- Problem -
A faithful copy of every entry, with the pictures removed, is what is needed here.
##### Given data
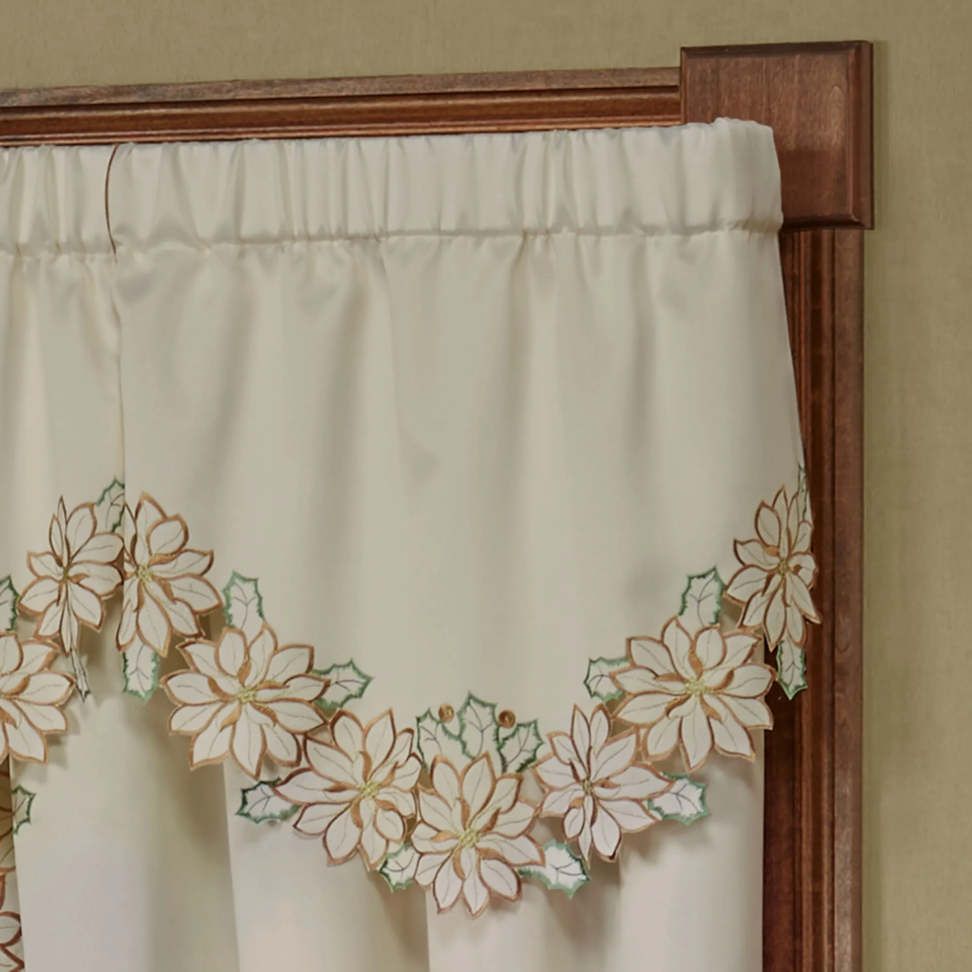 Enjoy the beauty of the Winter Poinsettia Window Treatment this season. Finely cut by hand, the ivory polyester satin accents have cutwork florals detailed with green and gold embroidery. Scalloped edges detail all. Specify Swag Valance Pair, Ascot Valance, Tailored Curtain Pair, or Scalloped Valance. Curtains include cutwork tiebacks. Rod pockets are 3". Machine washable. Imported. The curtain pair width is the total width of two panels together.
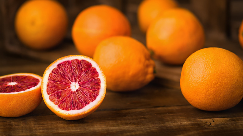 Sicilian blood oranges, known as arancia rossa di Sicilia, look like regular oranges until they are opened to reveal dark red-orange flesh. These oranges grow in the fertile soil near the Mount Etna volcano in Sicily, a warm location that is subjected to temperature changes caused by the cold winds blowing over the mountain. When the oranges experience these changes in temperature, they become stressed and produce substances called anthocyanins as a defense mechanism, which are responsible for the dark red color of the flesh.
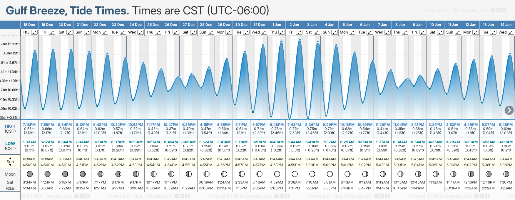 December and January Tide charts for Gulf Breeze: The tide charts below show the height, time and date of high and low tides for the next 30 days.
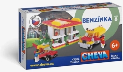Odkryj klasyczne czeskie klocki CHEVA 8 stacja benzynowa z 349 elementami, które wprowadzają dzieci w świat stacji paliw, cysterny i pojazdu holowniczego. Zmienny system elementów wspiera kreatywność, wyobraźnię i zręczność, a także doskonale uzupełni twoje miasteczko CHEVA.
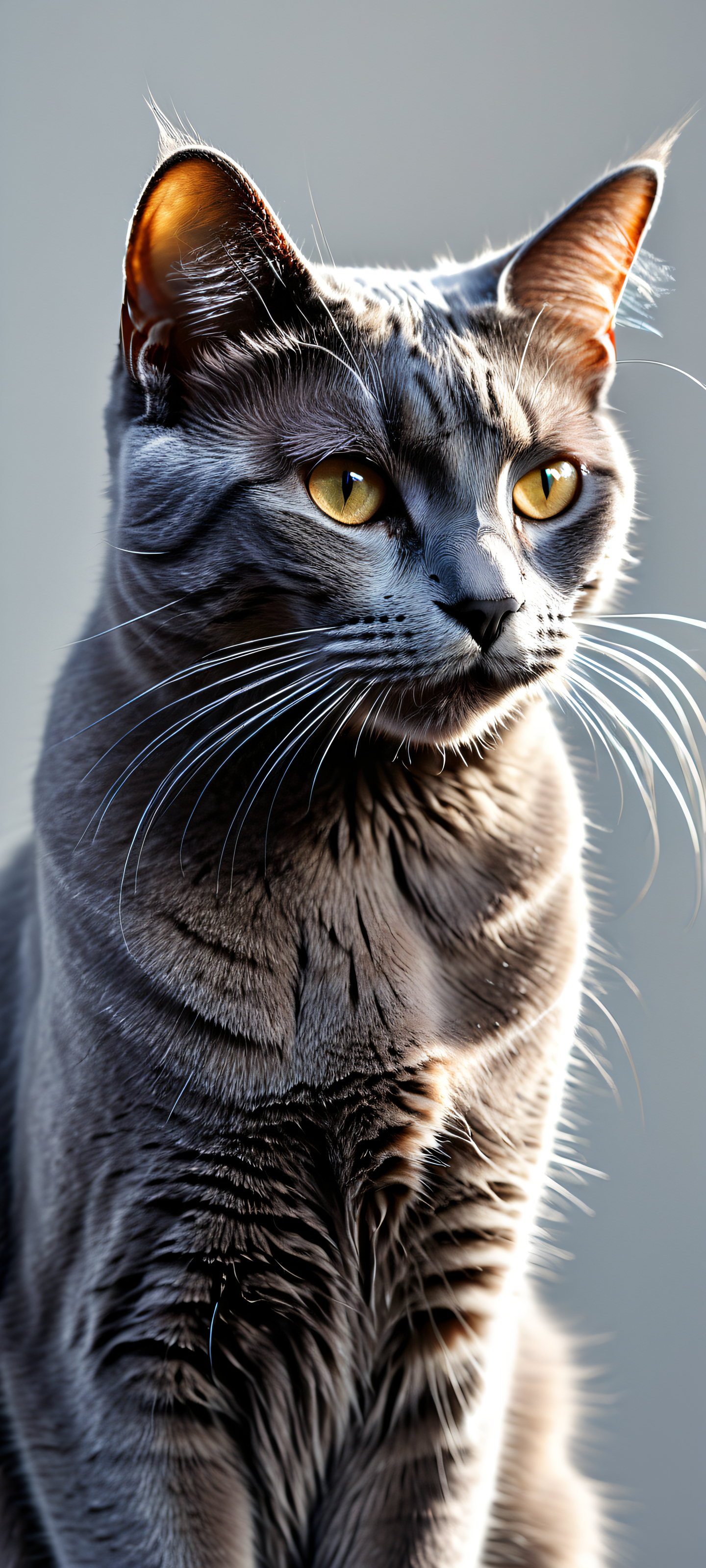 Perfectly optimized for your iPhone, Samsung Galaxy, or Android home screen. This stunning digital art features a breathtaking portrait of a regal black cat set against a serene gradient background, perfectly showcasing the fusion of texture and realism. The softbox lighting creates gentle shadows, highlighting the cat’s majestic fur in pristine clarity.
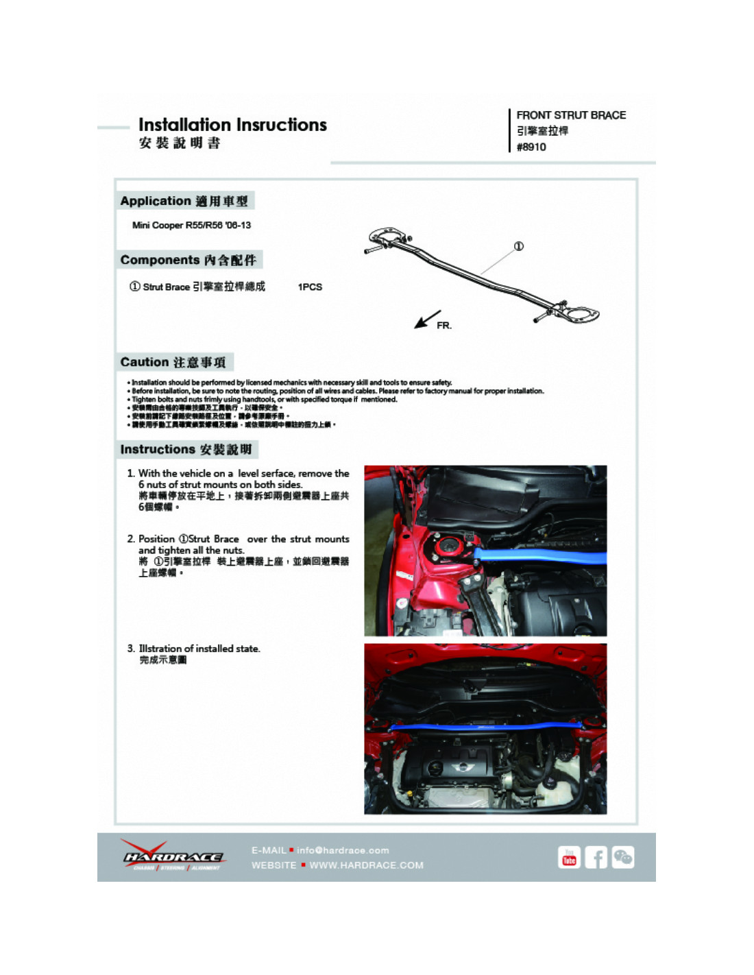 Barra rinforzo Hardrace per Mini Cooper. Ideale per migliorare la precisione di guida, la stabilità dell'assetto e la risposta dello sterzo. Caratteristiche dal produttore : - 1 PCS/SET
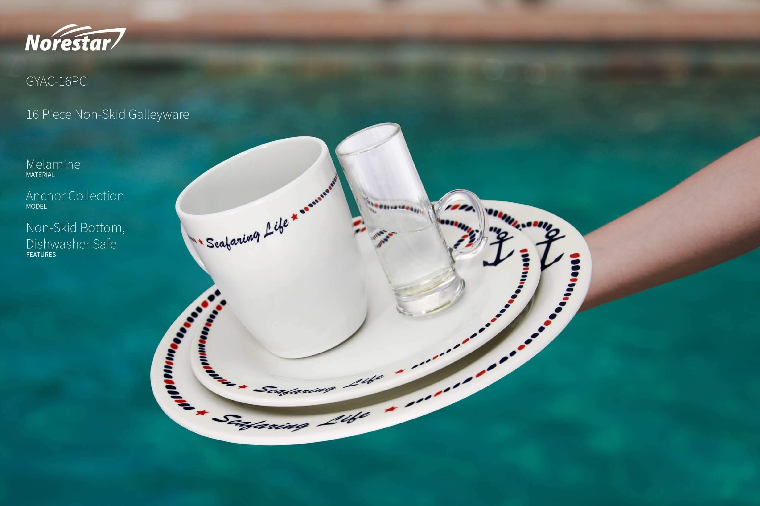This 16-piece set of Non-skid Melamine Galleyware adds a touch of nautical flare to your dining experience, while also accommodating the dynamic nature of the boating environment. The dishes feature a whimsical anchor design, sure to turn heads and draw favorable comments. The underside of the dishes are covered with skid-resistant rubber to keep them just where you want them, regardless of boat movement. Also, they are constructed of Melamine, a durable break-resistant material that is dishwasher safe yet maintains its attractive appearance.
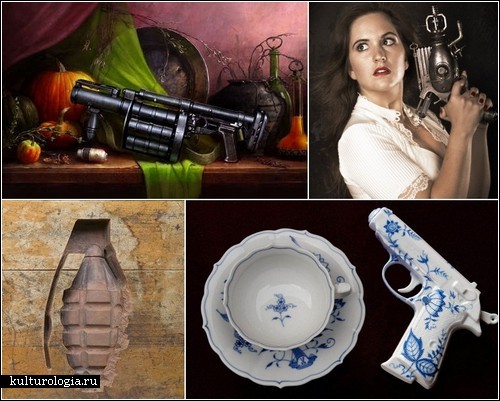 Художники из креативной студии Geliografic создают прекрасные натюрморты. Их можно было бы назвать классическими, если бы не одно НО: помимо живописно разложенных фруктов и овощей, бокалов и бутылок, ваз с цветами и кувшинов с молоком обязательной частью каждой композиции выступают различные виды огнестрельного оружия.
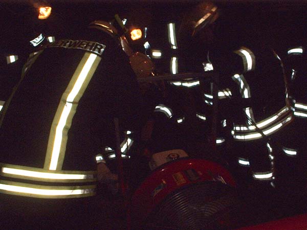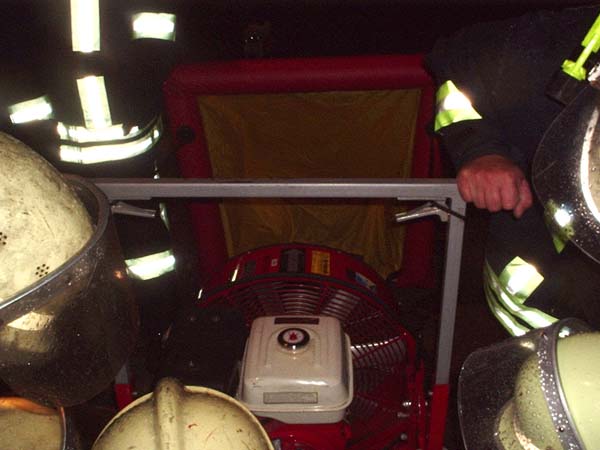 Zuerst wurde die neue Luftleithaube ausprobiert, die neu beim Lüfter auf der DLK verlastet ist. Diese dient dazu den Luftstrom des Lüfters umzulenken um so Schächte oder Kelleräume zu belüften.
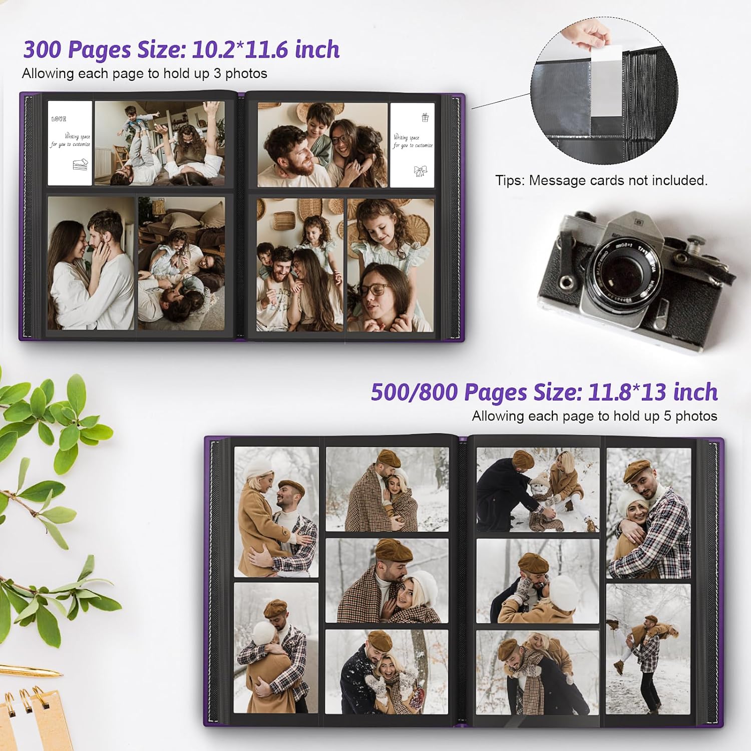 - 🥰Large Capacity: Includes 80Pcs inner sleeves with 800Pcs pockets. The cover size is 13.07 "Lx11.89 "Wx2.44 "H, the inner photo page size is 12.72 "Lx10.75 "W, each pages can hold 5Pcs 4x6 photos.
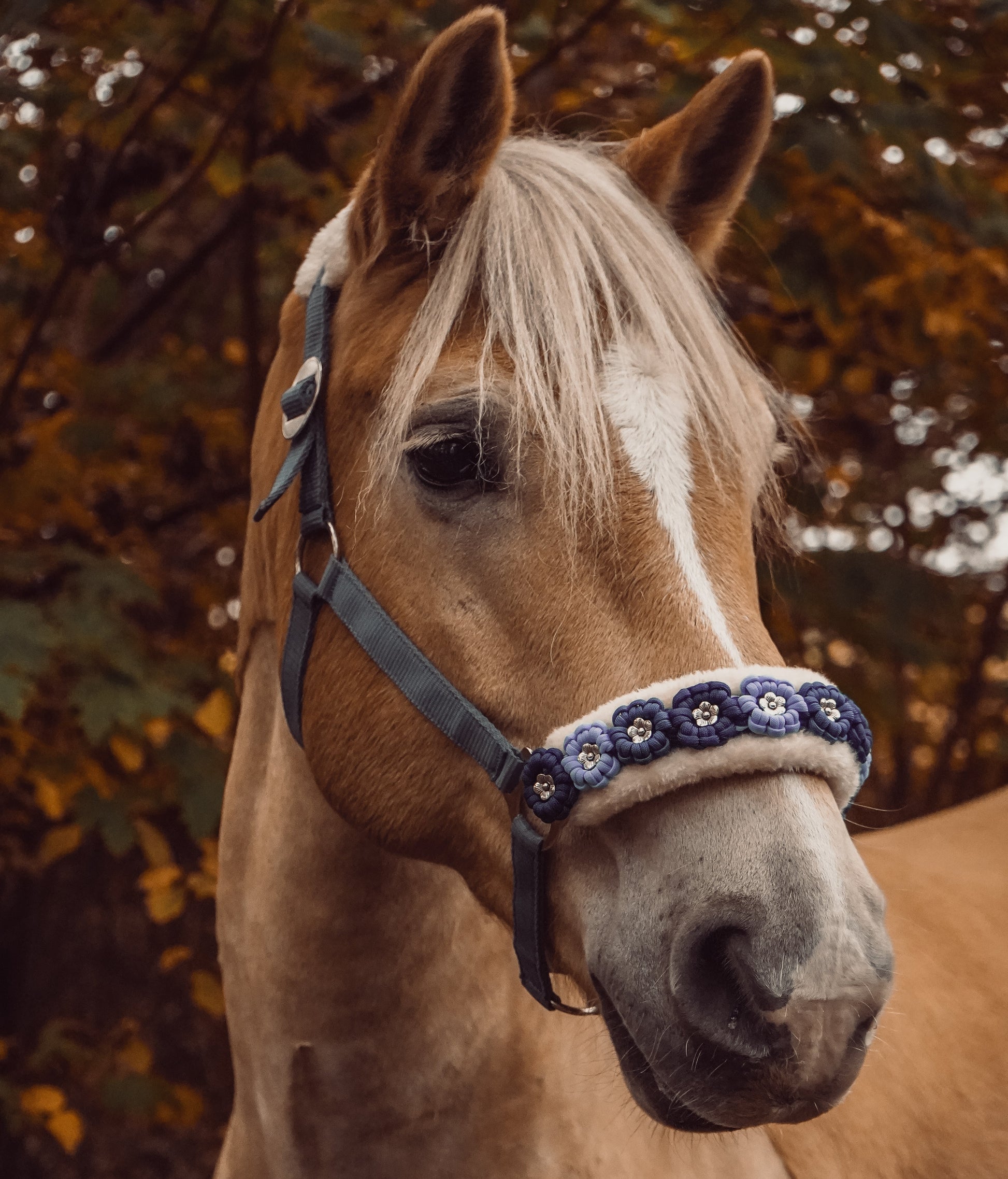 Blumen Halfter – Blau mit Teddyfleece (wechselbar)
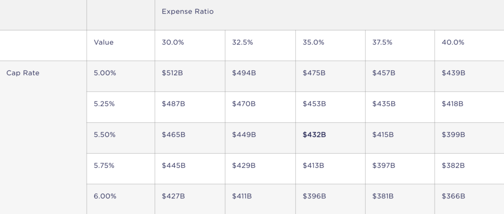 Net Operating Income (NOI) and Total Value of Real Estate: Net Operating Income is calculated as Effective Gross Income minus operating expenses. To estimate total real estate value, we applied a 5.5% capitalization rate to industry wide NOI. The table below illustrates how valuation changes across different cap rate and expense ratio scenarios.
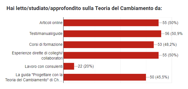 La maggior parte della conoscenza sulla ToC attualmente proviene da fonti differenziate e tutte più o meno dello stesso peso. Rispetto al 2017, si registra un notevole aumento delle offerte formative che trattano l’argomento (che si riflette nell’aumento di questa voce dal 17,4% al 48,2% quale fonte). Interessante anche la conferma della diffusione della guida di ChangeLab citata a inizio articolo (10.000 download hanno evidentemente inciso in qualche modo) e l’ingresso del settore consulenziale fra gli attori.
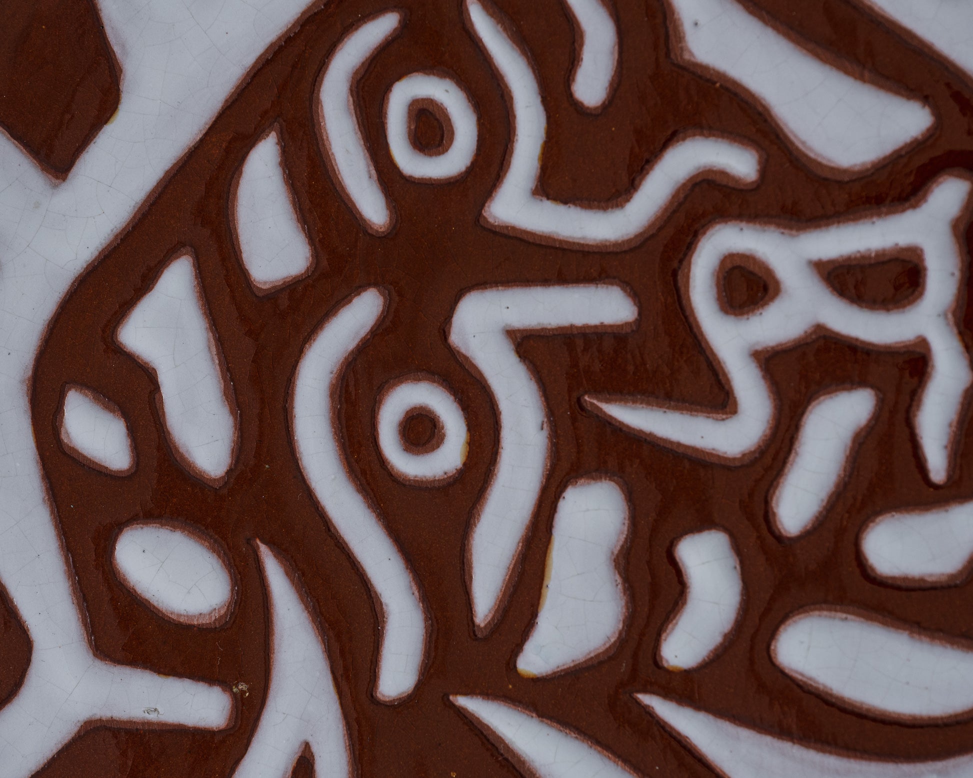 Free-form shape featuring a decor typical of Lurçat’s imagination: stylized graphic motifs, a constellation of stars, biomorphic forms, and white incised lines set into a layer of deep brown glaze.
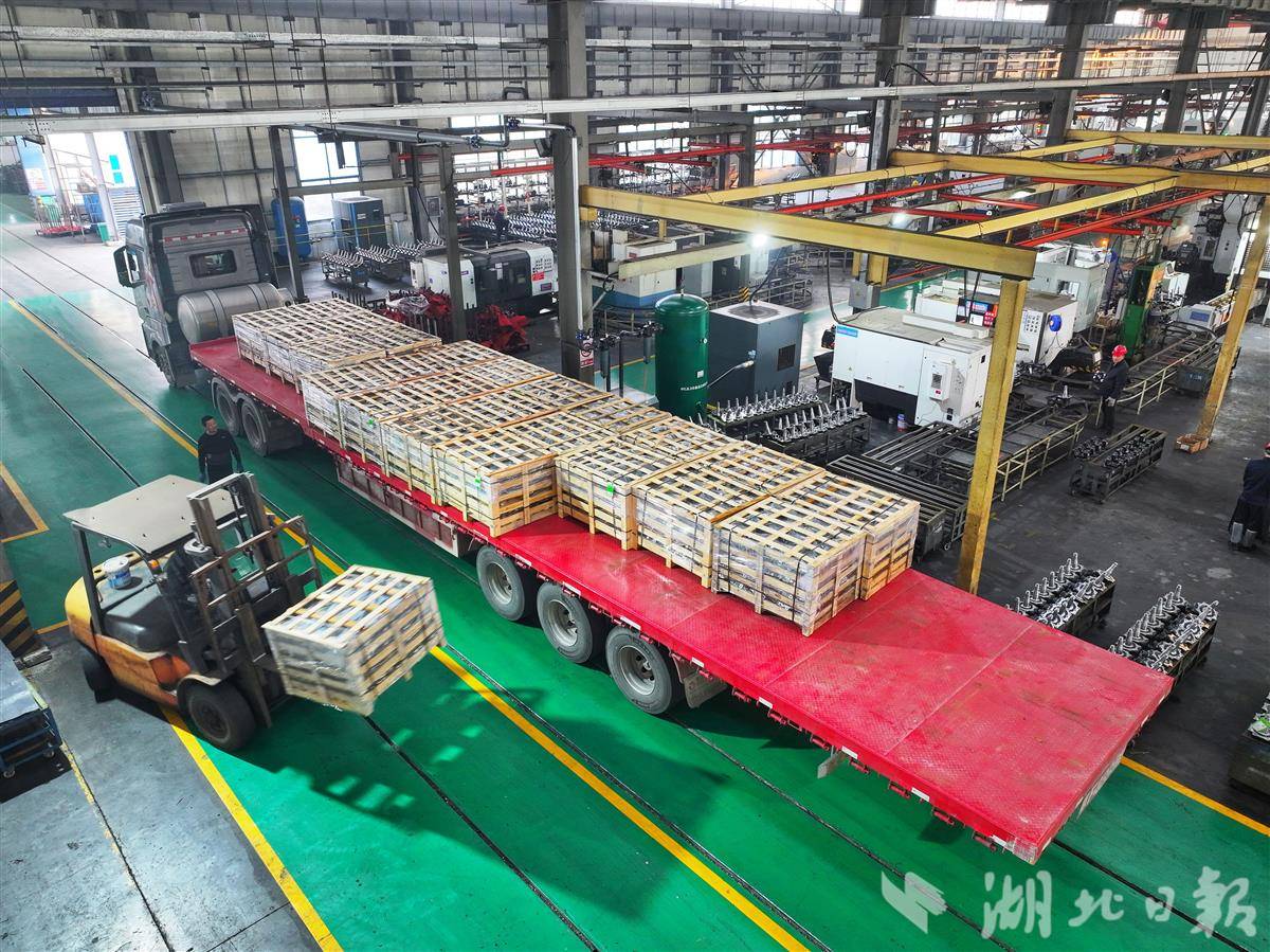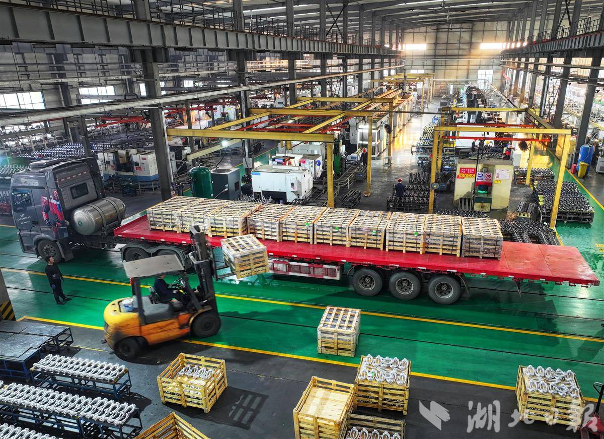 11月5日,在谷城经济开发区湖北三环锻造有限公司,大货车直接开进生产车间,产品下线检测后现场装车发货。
##########
- Written reply -
 Enjoy the beauty of the Winter Poinsettia Window Treatment this season. Finely cut by hand, the ivory polyester satin accents have cutwork florals detailed with green and gold embroidery. Scalloped edges detail all. Specify Swag Valance Pair, Ascot Valance, Tailored Curtain Pair, or Scalloped Valance. Curtains include cutwork tiebacks. Rod pockets are 3". Machine washable. Imported. The curtain pair width is the total width of two panels together.
 Sicilian blood oranges, known as arancia rossa di Sicilia, look like regular oranges until they are opened to reveal dark red-orange flesh. These oranges grow in the fertile soil near the Mount Etna volcano in Sicily, a warm location that is subjected to temperature changes caused by the cold winds blowing over the mountain. When the oranges experience these changes in temperature, they become stressed and produce substances called anthocyanins as a defense mechanism, which are responsible for the dark red color of the flesh.
 December and January Tide charts for Gulf Breeze: The tide charts below show the height, time and date of high and low tides for the next 30 days.
Odkryj klasyczne czeskie klocki CHEVA 8 stacja benzynowa z 349 elementami, które wprowadzają dzieci w świat stacji paliw, cysterny i pojazdu holowniczego. Zmienny system elementów wspiera kreatywność, wyobraźnię i zręczność, a także doskonale uzupełni twoje miasteczko CHEVA.
 Perfectly optimized for your iPhone, Samsung Galaxy, or Android home screen. This stunning digital art features a breathtaking portrait of a regal black cat set against a serene gradient background, perfectly showcasing the fusion of texture and realism. The softbox lighting creates gentle shadows, highlighting the cat’s majestic fur in pristine clarity.
 Barra rinforzo Hardrace per Mini Cooper. Ideale per migliorare la precisione di guida, la stabilità dell'assetto e la risposta dello sterzo. Caratteristiche dal produttore : - 1 PCS/SET
This 16-piece set of Non-skid Melamine Galleyware adds a touch of nautical flare to your dining experience, while also accommodating the dynamic nature of the boating environment. The dishes feature a whimsical anchor design, sure to turn heads and draw favorable comments. The underside of the dishes are covered with skid-resistant rubber to keep them just where you want them, regardless of boat movement. Also, they are constructed of Melamine, a durable break-resistant material that is dishwasher safe yet maintains its attractive appearance.
 Художники из креативной студии Geliografic создают прекрасные натюрморты. Их можно было бы назвать классическими, если бы не одно НО: помимо живописно разложенных фруктов и овощей, бокалов и бутылок, ваз с цветами и кувшинов с молоком обязательной частью каждой композиции выступают различные виды огнестрельного оружия.
 Zuerst wurde die neue Luftleithaube ausprobiert, die neu beim Lüfter auf der DLK verlastet ist. Diese dient dazu den Luftstrom des Lüfters umzulenken um so Schächte oder Kelleräume zu belüften.
 - 🥰Large Capacity: Includes 80Pcs inner sleeves with 800Pcs pockets. The cover size is 13.07 "Lx11.89 "Wx2.44 "H, the inner photo page size is 12.72 "Lx10.75 "W, each pages can hold 5Pcs 4x6 photos.
 Blumen Halfter – Blau mit Teddyfleece (wechselbar)
 Net Operating Income (NOI) and Total Value of Real Estate: Net Operating Income is calculated as Effective Gross Income minus operating expenses. To estimate total real estate value, we applied a 5.5% capitalization rate to industry wide NOI. The table below illustrates how valuation changes across different cap rate and expense ratio scenarios.
 La maggior parte della conoscenza sulla ToC attualmente proviene da fonti differenziate e tutte più o meno dello stesso peso. Rispetto al 2017, si registra un notevole aumento delle offerte formative che trattano l’argomento (che si riflette nell’aumento di questa voce dal 17,4% al 48,2% quale fonte). Interessante anche la conferma della diffusione della guida di ChangeLab citata a inizio articolo (10.000 download hanno evidentemente inciso in qualche modo) e l’ingresso del settore consulenziale fra gli attori.
 Free-form shape featuring a decor typical of Lurçat’s imagination: stylized graphic motifs, a constellation of stars, biomorphic forms, and white incised lines set into a layer of deep brown glaze.
 11月5日,在谷城经济开发区湖北三环锻造有限公司,大货车直接开进生产车间,产品下线检测后现场装车发货。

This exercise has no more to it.